The remaining significantly-sized Iver is Iver Heath, a relatively late developer thrust into focus when the A412 extended from Denham. The Five Points junction became a roundabout, the wedge between two former lanes became a nest of well-to-do cul-de-sacs and most homes seem to be named after whatever trees they replaced. St Margaret's church emerged in 1861, somewhat prematurely, and is linked via pine-y paths to a more recent congregation. Useful services in Iver Heath include a central village hall, a peripheral Co-op and also a pie and mash truck outside the Stag and Hounds, but I suspect that's more to cater for through traffic heading to/from the M25. Non-car-owners are mostly stuffed but buses do run half-hourly to Slough, Iver and Uxbridge so escape is possible.
The most famous place hereabouts, indeed absolute cinematic royalty, can be found a mile from Five Points at the northern end of Pinewood Lane. Originally all that was up here were a few lodges and Heatherden Hall, an MP's country house hideaway, but in 1936 J Arthur Rank went into partnership with building tycoon Charles Boot and created a Hollywood-style film studio. The old entrance is still there with a gabled gateway and a bus shelter out front from which employees and official visitors can catch a regular shuttle to Slough, Uxbridge, West Ruislip or Gerrards Cross stations. But go a little further and a massive boxy vista opens up, a sprawl of grey sheds of many convenient sizes, and this is the multifunctional behemoth that Pinewood Studios has become.

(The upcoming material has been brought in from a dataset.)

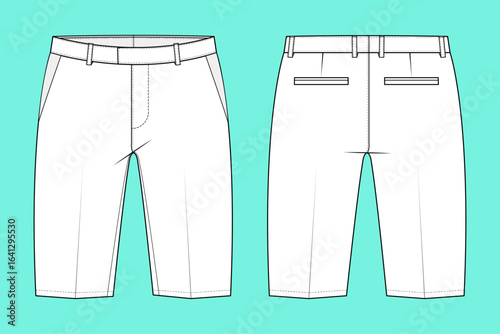 Unisex Casualwear Shorts Fashion Flat Sketch Vector Illustrator Template.

There are stages named after Sean Connery and Richard Attenborough, and other buildings named after Moneypenny and Carrie Fisher. There are roads named after Broccoli and Goldfinger, and on the extension across the road Skywalker Avenue and (haha) Meryl Street. There's a 65000-gallon water tank from the early days that still floods actors as necessary, eminently visible from the street outside. Also clearly seen is the roof of the iconic 007 stage, the largest on the lot, although it's not the original it's a post-conflagration rebuild. I hadn't realised quite how utterly extensive all this is, having previously only walked along the rear fence in Black Park, and according to a planning notice on a lamppost Pinewood still has expansion plans on adjacent farmland comprising over 1½ million square feet of 'film production buildings'.

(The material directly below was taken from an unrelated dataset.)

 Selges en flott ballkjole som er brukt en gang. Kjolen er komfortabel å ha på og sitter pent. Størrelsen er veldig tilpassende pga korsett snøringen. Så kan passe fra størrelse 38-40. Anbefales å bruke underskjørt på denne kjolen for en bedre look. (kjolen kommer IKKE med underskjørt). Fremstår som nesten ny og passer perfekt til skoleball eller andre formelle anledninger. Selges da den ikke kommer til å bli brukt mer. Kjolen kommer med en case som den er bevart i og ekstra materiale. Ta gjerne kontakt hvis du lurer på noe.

If you have the money you can live opposite in a small private cul-de-sac called Bond Close, built in 2004. It has twelve properties and I now regret not trespassing beyond the warning notices to see if the house between 6 and 8 is numbered 007. I think these are the most northerly houses in Iver, bar any fake ones on the filming lots, a full three miles north of the station of the same name. And OK you're not going to see much of the studios, nor is there anything majorly worth seeing inbetween, but I hope you now appreciate what's just over the Buckinghamshire border on Buckinghamshire Day. Iver been so you don't have to.